Key facts
- Crosby, a legal tech startup, has launched the Redline Bench to evaluate AI model performance on legal tasks.
- The benchmark specifically assesses AI's ability in contract review, a critical function for law firms.
- The tool uses a rubric created by experienced lawyers to judge AI-generated contract edits.
- Initial results placed ChatGPT 5.5 at the top with a 50.5% score, followed by Gemini 3.5 Flash and Claude Opus 4.8.
- Crosby intends to release the Redline Bench publicly and publish comparative reports on major AI models.
The legal industry is grappling with how to assess the quality of work produced by artificial intelligence tools, a challenge distinct from coding where performance is more easily quantifiable. Crosby, a startup that combines legal services with technology development, has launched the Redline Bench to address this gap.
The Redline Bench is designed to measure how well AI models perform real-world legal tasks, beginning with contract review. According to Crosby founder Ryan Daniels, defining 'good' legal work is more ambiguous than defining 'good' code, which can either run or break. Legal contract edits, for instance, can be defensible in multiple ways, leading to differing opinions among lawyers.
To create the benchmark, Crosby's team of engineers and lawyers simulated software deals. Senior lawyers marked crucial contract changes at each negotiation stage, which were then translated into weighted criteria. When testing AI models, Crosby provides them with contracts and asks them to make edits. A panel of three judges then compares these AI-generated redlines against the lawyer-built rubric, voting on whether each edit meets the prioritized criteria. The final score reflects how often models made edits that lawyers deemed important.
Crosby plans to make the Redline Bench publicly available for any AI lab to use and will regularly release reports comparing major models. In the initial release, ChatGPT 5.5 scored 50.5%, indicating its edits aligned with half of the prioritized lawyer edits.
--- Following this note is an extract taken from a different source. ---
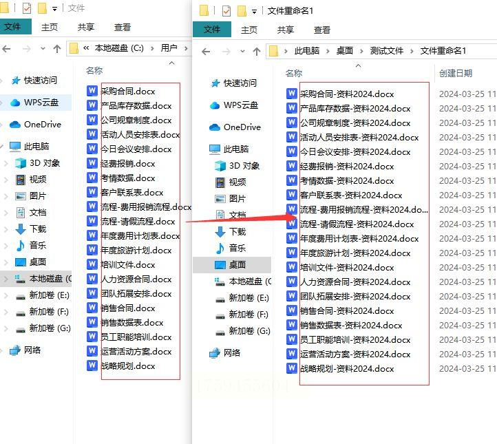 7. 验证结果:打开文件所在文件夹,可以看到所有文件名后面都已经成功添加了设定的字符,比如“-资料2024”。

Gemini 3.5 Flash followed with 45.1%, and Claude Opus 4.8 scored 44.4%. Crosby also tested Anthropic's Fable 5, which scored 47.3% before being temporarily withdrawn from the market.
While other companies like Harvey, Anthropic, and OpenAI also develop benchmarks, Daniels suggests that internal benchmarks may be less trustworthy as labs can tune their systems to perform well on their own tests. The development of reliable AI benchmarks is crucial, as billions in investment are tied to the promise of AI reducing legal costs. Lawyers' adoption of these tools hinges on trust, which Crosby aims to foster with its transparent evaluation system.